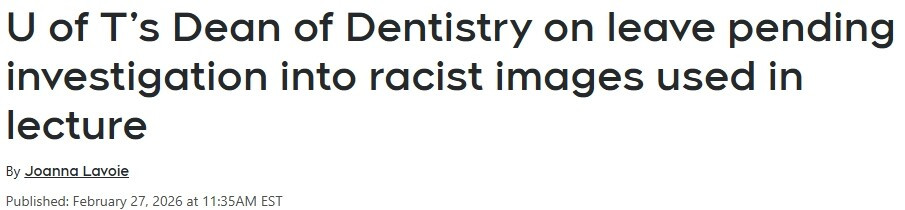 图源:Jeff Comber/ CTV News 在提供给CP24的一份声明中,多伦多大学副校长兼教务长Trevor Young表示,涉事教授“已承诺将全面配合调查”,并将在调查结果出炉前继续休假。 Young在邮件中写道:“院长表示,他在使用这些图片时,并未意识到其中包含反犹太主义和歧视含义,也未意识到这些内容会对犹太裔同事和学生以及更广泛的学习环境产生负面影响。他已将相关图片从课程材料中删除,并已向课堂学生以及整个牙科学院正式道歉。” 他还补充说:“他也承诺将在未来更加谨慎地审查课程材料,以支持一个包容和尊重所有人的学习环境,并进一步提升自己对反犹太主义及其他形式歧视问题的理解和认识。” 多伦多大学表示,目前不会就此事件发表进一步评论。
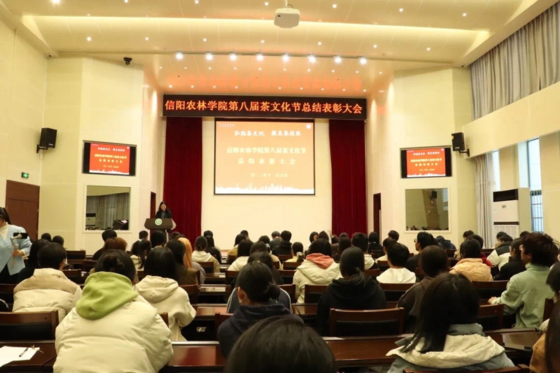 郭桂义在总结讲话中对在茶文化节中付出辛勤劳动的师生们表示感谢,对获奖的学生们表示祝贺。他表示,本届茶文化节是历届茶文化节中历时最长、场景展现最多、形式最为丰富的一次茶文化盛典。为期一个月的茶文化节,学院先后举行了茶文化节开幕式、无我茶会、《茶苑大讲堂》学术报告会及茶艺大赛、仿宋茗战大赛、茶文化知识竞赛、评茶技能大赛、学生炒茶技能大赛等8项文艺、科普和竞赛活动。在茶文化节开展期间,学院还向全校师生们展示了《茶叶综合利用》《茶树栽培育种学》《制茶学》《茶艺学》等课程的实验实践成果,精致茶点和新式茶饮、茶树特色品种和茶树叶脉画、学生炒制的茶叶产品、精美茶席、实验室珍藏的茶叶标本、茶艺和茶文化知识展板等也成为活动的亮点和特色,为本次茶文化节营造了浓厚的知识和文化氛围。他指出,通过比赛,同学们赛出了奋发向上的精气神,推进了学院“学、赛、创”三位一体的“理论实践结合,课内课外结合”的实践育人理念,以茶文化节为依托,学院在创新人才培养工作中取得了优异成绩。学院将继续挖掘专业特色,坚持“以赛促学、以赛促教、以赛促创、以赛促研”的育人思路,扎实培养学生的茶学技能,增强学生的文化自信,致力于培养更多的茶学优秀人才,让信农的茶香飘得更远。
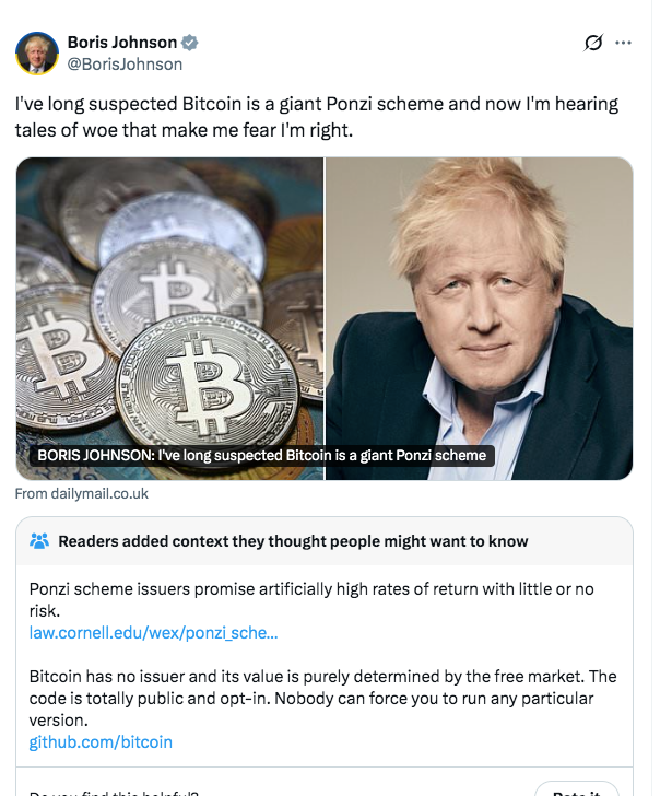 - Boris Johnson califica al bitcoin como un “esquema Ponzi”, desencadenando un nuevo debate en las noticias sobre bitcoin.

Aim of the exercise | Please return the whole listing exactly. Do not copy its images.

Answer to this exercise |
 图源:Jeff Comber/ CTV News 在提供给CP24的一份声明中,多伦多大学副校长兼教务长Trevor Young表示,涉事教授“已承诺将全面配合调查”,并将在调查结果出炉前继续休假。 Young在邮件中写道:“院长表示,他在使用这些图片时,并未意识到其中包含反犹太主义和歧视含义,也未意识到这些内容会对犹太裔同事和学生以及更广泛的学习环境产生负面影响。他已将相关图片从课程材料中删除,并已向课堂学生以及整个牙科学院正式道歉。” 他还补充说:“他也承诺将在未来更加谨慎地审查课程材料,以支持一个包容和尊重所有人的学习环境,并进一步提升自己对反犹太主义及其他形式歧视问题的理解和认识。” 多伦多大学表示,目前不会就此事件发表进一步评论。
 郭桂义在总结讲话中对在茶文化节中付出辛勤劳动的师生们表示感谢,对获奖的学生们表示祝贺。他表示,本届茶文化节是历届茶文化节中历时最长、场景展现最多、形式最为丰富的一次茶文化盛典。为期一个月的茶文化节,学院先后举行了茶文化节开幕式、无我茶会、《茶苑大讲堂》学术报告会及茶艺大赛、仿宋茗战大赛、茶文化知识竞赛、评茶技能大赛、学生炒茶技能大赛等8项文艺、科普和竞赛活动。在茶文化节开展期间,学院还向全校师生们展示了《茶叶综合利用》《茶树栽培育种学》《制茶学》《茶艺学》等课程的实验实践成果,精致茶点和新式茶饮、茶树特色品种和茶树叶脉画、学生炒制的茶叶产品、精美茶席、实验室珍藏的茶叶标本、茶艺和茶文化知识展板等也成为活动的亮点和特色,为本次茶文化节营造了浓厚的知识和文化氛围。他指出,通过比赛,同学们赛出了奋发向上的精气神,推进了学院“学、赛、创”三位一体的“理论实践结合,课内课外结合”的实践育人理念,以茶文化节为依托,学院在创新人才培养工作中取得了优异成绩。学院将继续挖掘专业特色,坚持“以赛促学、以赛促教、以赛促创、以赛促研”的育人思路,扎实培养学生的茶学技能,增强学生的文化自信,致力于培养更多的茶学优秀人才,让信农的茶香飘得更远。
 - Boris Johnson califica al bitcoin como un “esquema Ponzi”, desencadenando un nuevo debate en las noticias sobre bitcoin.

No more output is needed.